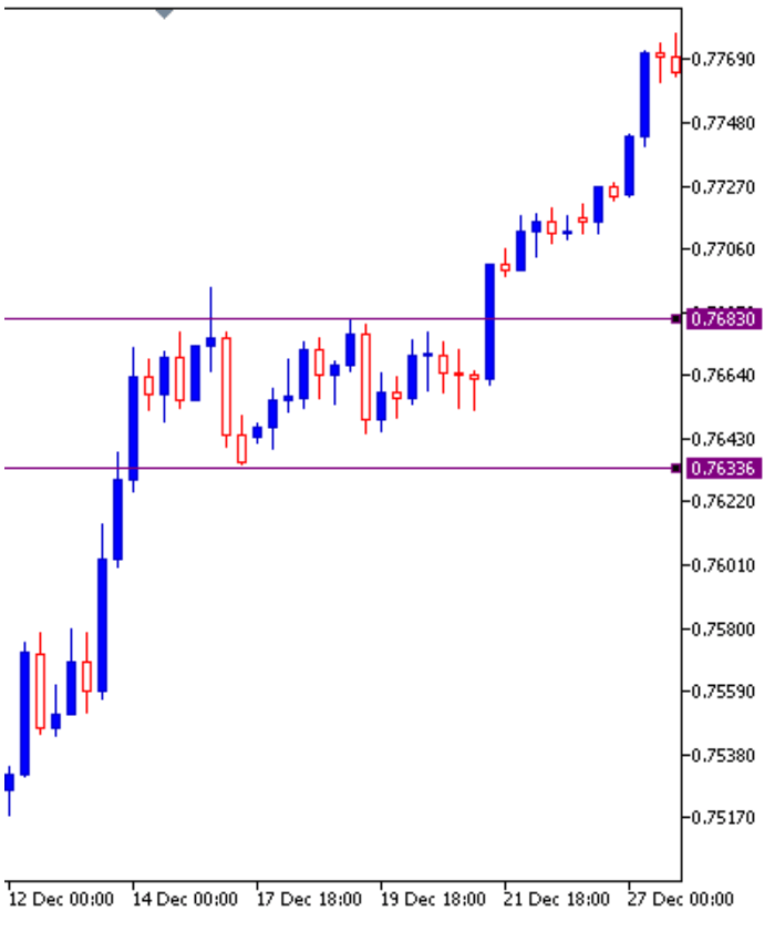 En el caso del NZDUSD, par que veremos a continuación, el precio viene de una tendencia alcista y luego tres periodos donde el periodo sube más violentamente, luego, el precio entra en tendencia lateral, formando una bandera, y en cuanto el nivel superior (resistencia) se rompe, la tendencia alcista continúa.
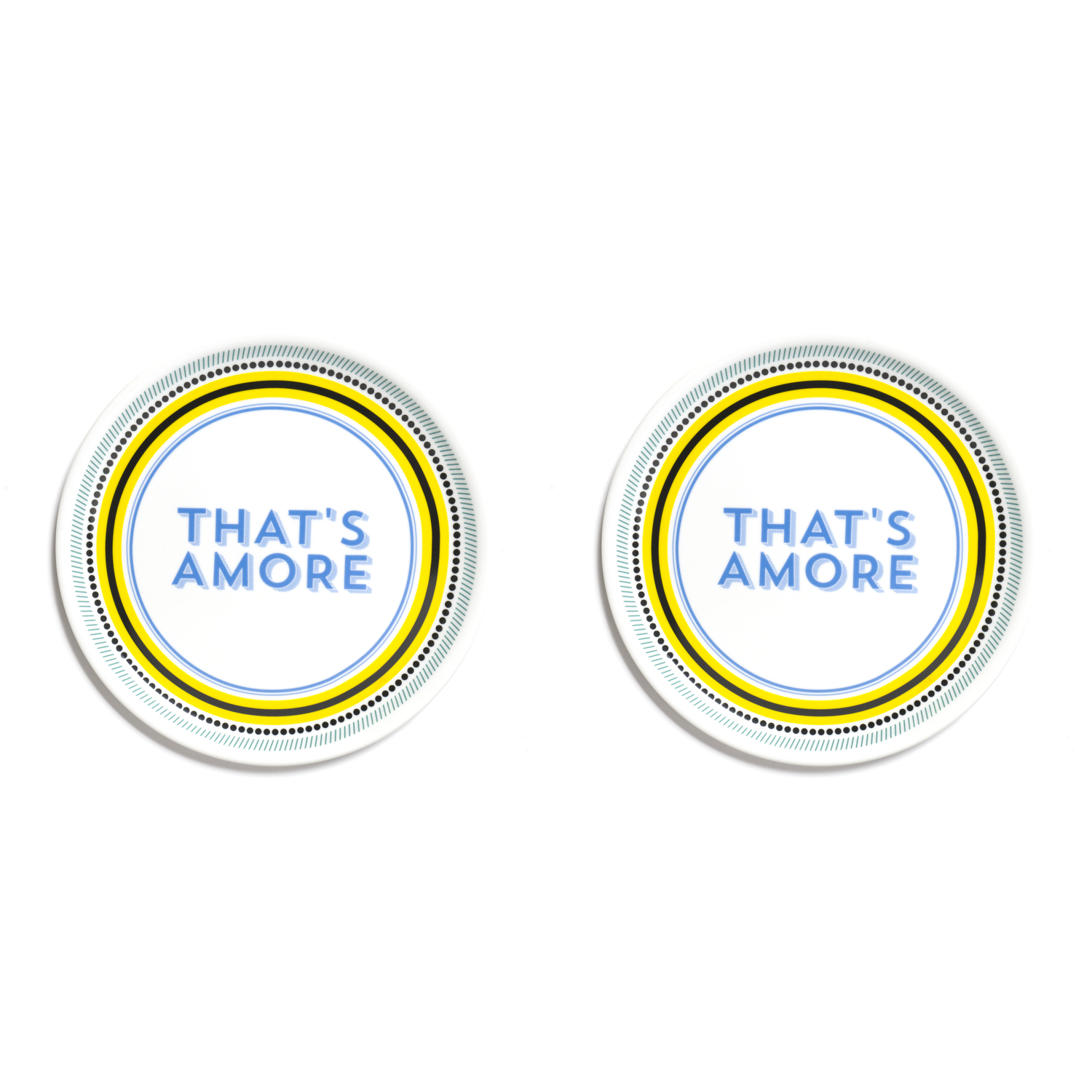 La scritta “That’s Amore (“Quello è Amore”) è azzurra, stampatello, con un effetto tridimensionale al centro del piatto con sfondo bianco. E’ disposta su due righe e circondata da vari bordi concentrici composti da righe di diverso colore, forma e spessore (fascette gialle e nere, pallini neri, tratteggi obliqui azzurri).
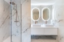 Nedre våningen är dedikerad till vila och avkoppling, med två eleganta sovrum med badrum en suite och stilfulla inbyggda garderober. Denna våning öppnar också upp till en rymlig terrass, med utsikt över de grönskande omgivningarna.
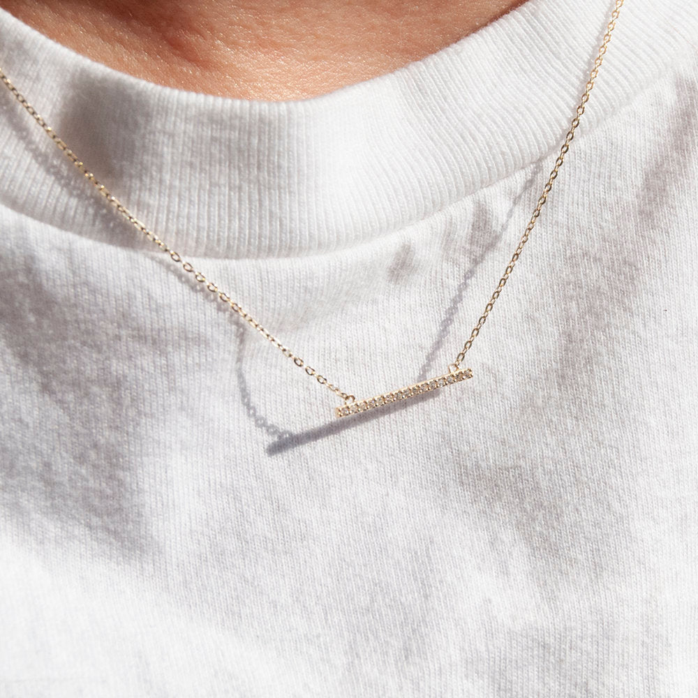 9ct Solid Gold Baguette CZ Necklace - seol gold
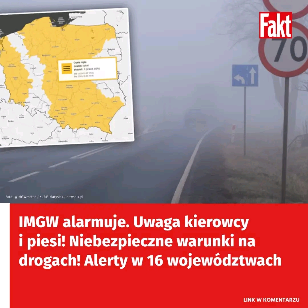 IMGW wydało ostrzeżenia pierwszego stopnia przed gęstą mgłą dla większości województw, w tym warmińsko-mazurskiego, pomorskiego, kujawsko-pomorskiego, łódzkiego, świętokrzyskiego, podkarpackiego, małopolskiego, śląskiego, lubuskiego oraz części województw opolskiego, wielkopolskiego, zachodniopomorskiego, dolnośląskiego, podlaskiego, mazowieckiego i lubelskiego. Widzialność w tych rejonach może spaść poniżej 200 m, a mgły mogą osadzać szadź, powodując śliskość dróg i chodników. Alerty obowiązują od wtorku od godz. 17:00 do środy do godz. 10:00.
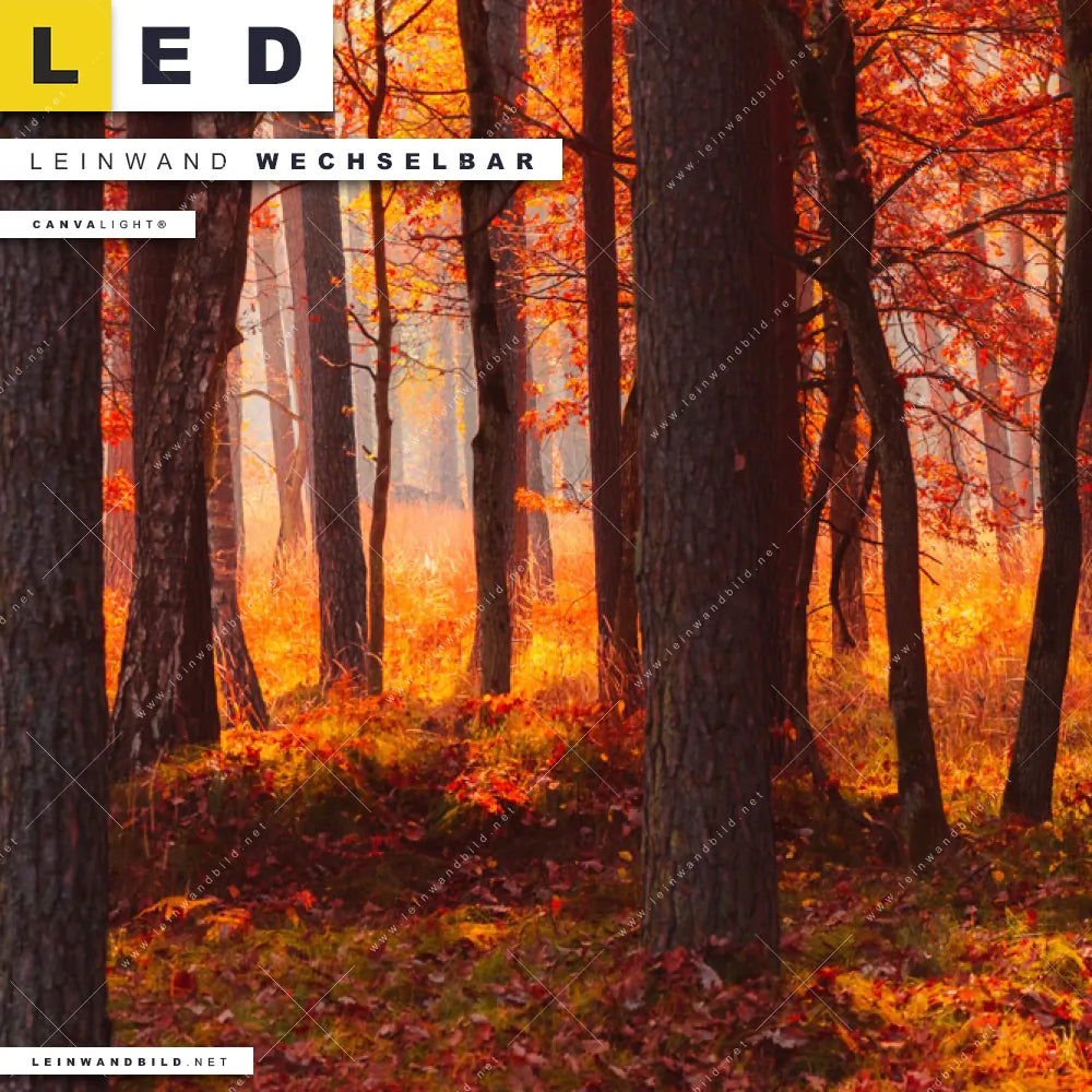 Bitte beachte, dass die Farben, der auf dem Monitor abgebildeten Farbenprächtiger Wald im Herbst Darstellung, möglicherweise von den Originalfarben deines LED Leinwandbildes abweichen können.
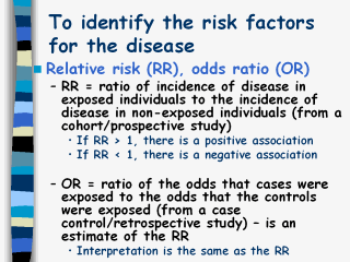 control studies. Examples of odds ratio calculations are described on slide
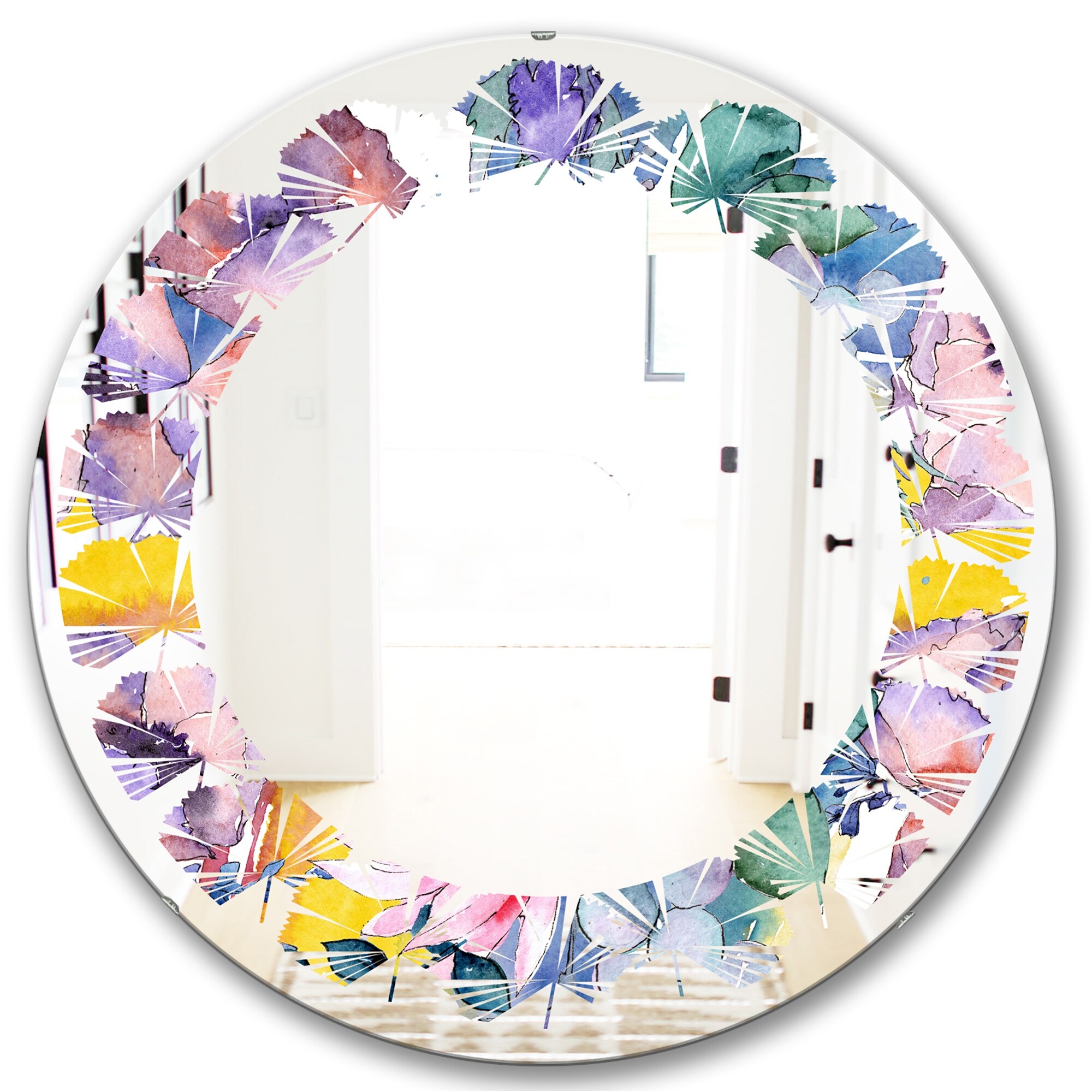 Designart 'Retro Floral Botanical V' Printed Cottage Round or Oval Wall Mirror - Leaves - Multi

+-------+

# Directions
Output only the lines that run from the line containing "control studies. Examples" to the last line of the data, exactly as they stand and without pictures.

# Answer to this task
 control studies. Examples of odds ratio calculations are described on slide
 Designart 'Retro Floral Botanical V' Printed Cottage Round or Oval Wall Mirror - Leaves - Multi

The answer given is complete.